**WORK INSTRUCTIONS**
Skip the pictures and write out, word for word, the lines below from the one with "Классический дом американской" through the one with "Mid Century Modern", inclusive.

[DATA SUPPLIED — start]

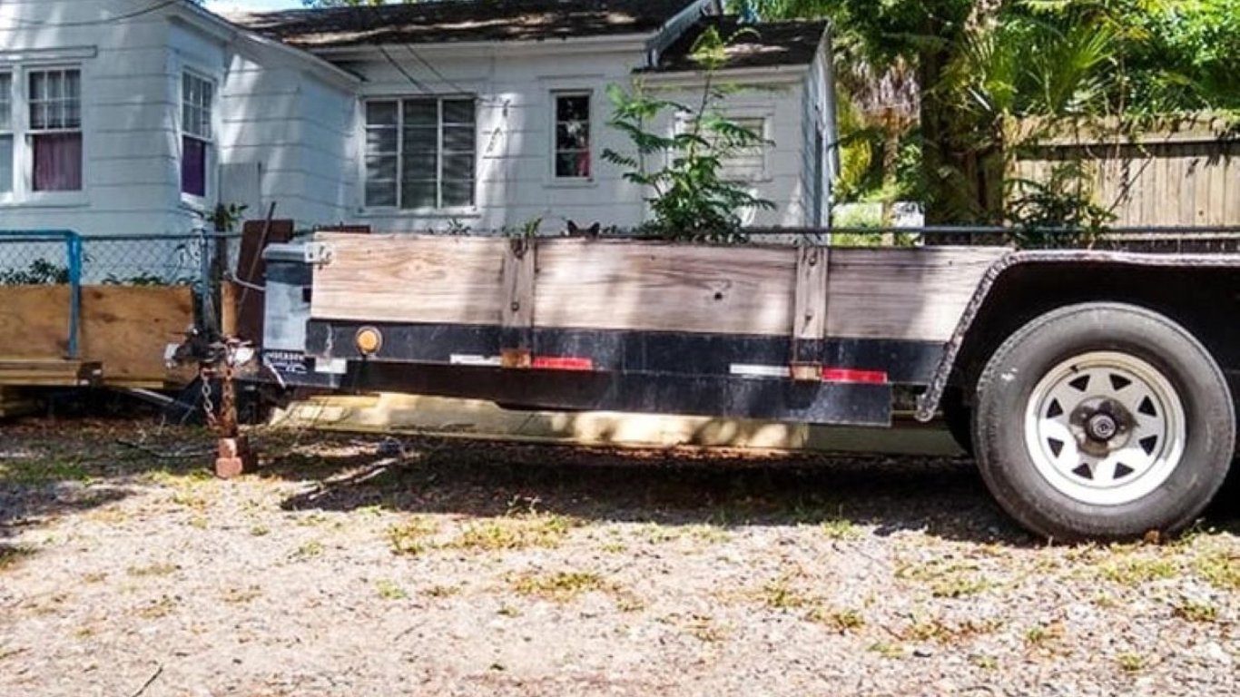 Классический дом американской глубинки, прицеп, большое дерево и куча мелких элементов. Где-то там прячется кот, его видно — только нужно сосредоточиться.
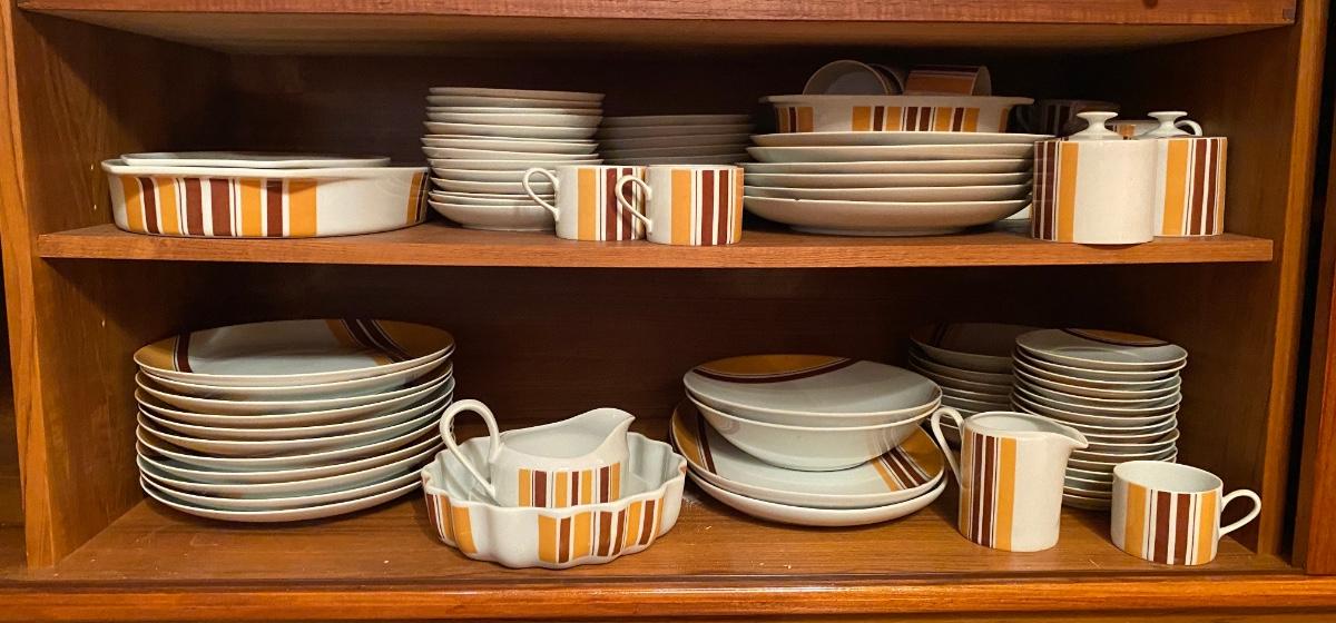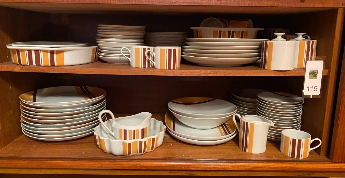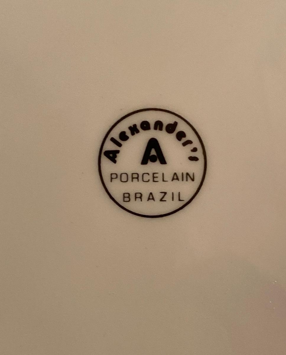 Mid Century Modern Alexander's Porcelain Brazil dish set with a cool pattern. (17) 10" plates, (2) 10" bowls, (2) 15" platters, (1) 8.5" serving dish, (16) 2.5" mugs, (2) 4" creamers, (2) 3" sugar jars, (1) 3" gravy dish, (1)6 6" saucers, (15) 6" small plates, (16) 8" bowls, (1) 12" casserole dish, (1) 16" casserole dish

[DATA SUPPLIED — finish]
[DATA SUPPLIED — start]

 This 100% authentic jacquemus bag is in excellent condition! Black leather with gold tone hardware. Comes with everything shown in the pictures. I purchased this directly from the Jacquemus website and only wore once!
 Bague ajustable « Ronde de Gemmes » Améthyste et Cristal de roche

[DATA SUPPLIED — finish]
[DATA SUPPLIED — start]

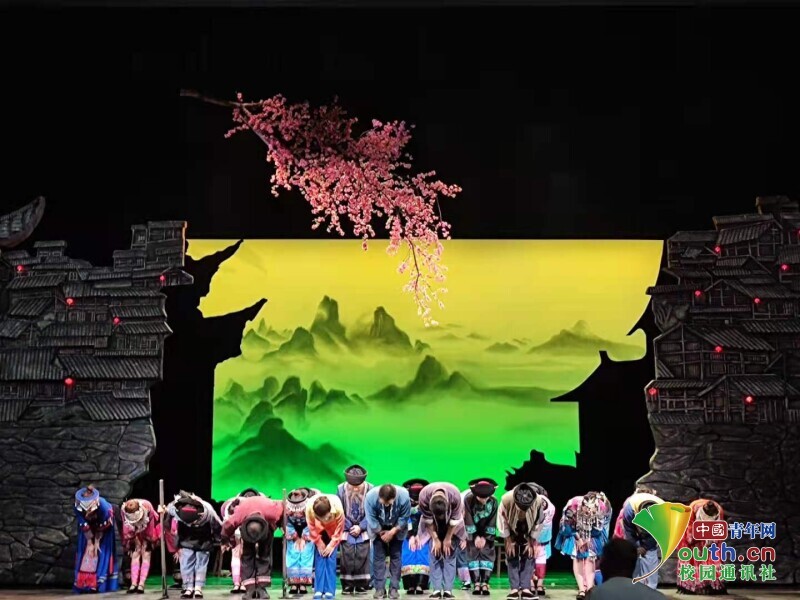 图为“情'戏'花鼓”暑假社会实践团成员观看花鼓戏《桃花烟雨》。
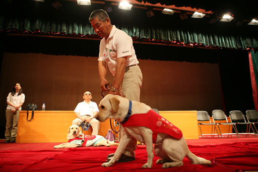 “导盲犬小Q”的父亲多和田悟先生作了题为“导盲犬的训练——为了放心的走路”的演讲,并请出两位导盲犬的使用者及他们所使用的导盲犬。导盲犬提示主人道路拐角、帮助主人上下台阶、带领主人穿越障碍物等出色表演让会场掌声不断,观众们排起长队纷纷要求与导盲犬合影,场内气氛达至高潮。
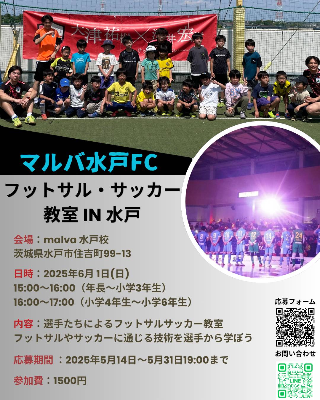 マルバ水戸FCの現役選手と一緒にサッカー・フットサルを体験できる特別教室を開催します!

[DATA SUPPLIED — finish]

**OUTPUT BELOW**
 Классический дом американской глубинки, прицеп, большое дерево и куча мелких элементов. Где-то там прячется кот, его видно — только нужно сосредоточиться.
 Mid Century Modern Alexander's Porcelain Brazil dish set with a cool pattern. (17) 10" plates, (2) 10" bowls, (2) 15" platters, (1) 8.5" serving dish, (16) 2.5" mugs, (2) 4" creamers, (2) 3" sugar jars, (1) 3" gravy dish, (1)6 6" saucers, (15) 6" small plates, (16) 8" bowls, (1) 12" casserole dish, (1) 16" casserole dish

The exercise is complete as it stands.